Assignment: Set the data down exactly as it stands, and keep its pictures out.
== Information supplied
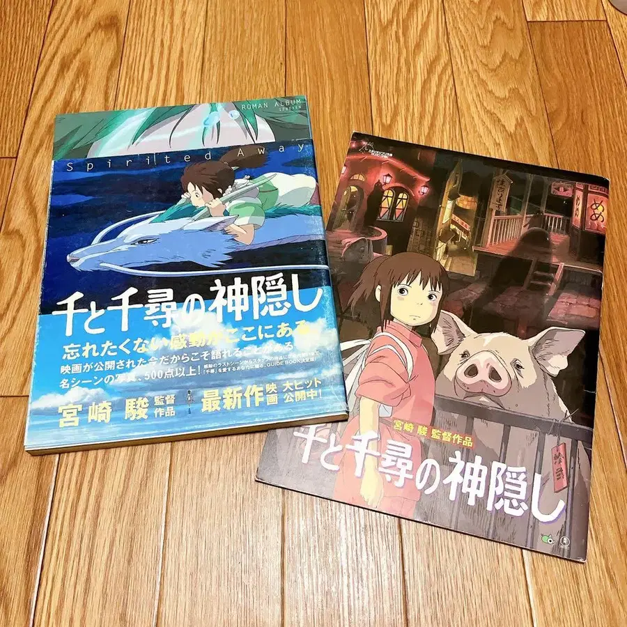 영화 [센과 치히로의 행방불명]의 상세 해설과 캐릭터 소개가 풍부한 팜플렛. 센과 치히로의 행방불명 로망 앨범 초판 - 타이틀: 센과 치히로의 행방불명 - 저자: 미야자키 하야오 - 내용: 영화의 장면 및 캐릭터 해설 2권 세트입니다.
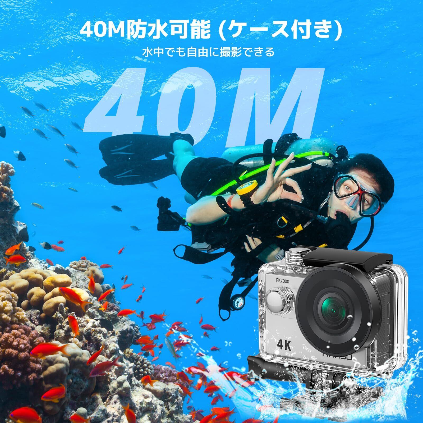 AKASO アクションカメラ EK7000 4K30FPS 20MP 水中カメラ WiFi搭載 外部マイク対応 30M防水 HDMI出力 170度広角レンズ リモコン付き 1050mAhバッテリー2個付き アクションカム ウェアラブルカメラ 豊富なアクセサリー バイク/自転車に取り付け可能 シルバー
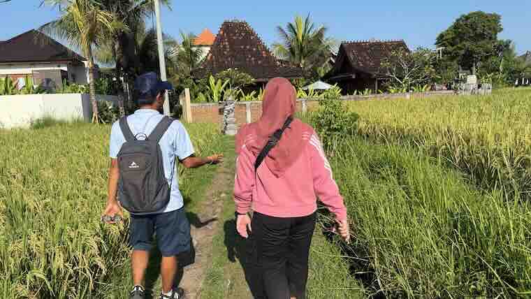 - ガイドと歩く田んぼの畦道。お米の収穫が近い時期。
====
Completed exercise:
 영화 [센과 치히로의 행방불명]의 상세 해설과 캐릭터 소개가 풍부한 팜플렛. 센과 치히로의 행방불명 로망 앨범 초판 - 타이틀: 센과 치히로의 행방불명 - 저자: 미야자키 하야오 - 내용: 영화의 장면 및 캐릭터 해설 2권 세트입니다.
 AKASO アクションカメラ EK7000 4K30FPS 20MP 水中カメラ WiFi搭載 外部マイク対応 30M防水 HDMI出力 170度広角レンズ リモコン付き 1050mAhバッテリー2個付き アクションカム ウェアラブルカメラ 豊富なアクセサリー バイク/自転車に取り付け可能 シルバー
 - ガイドと歩く田んぼの畦道。お米の収穫が近い時期。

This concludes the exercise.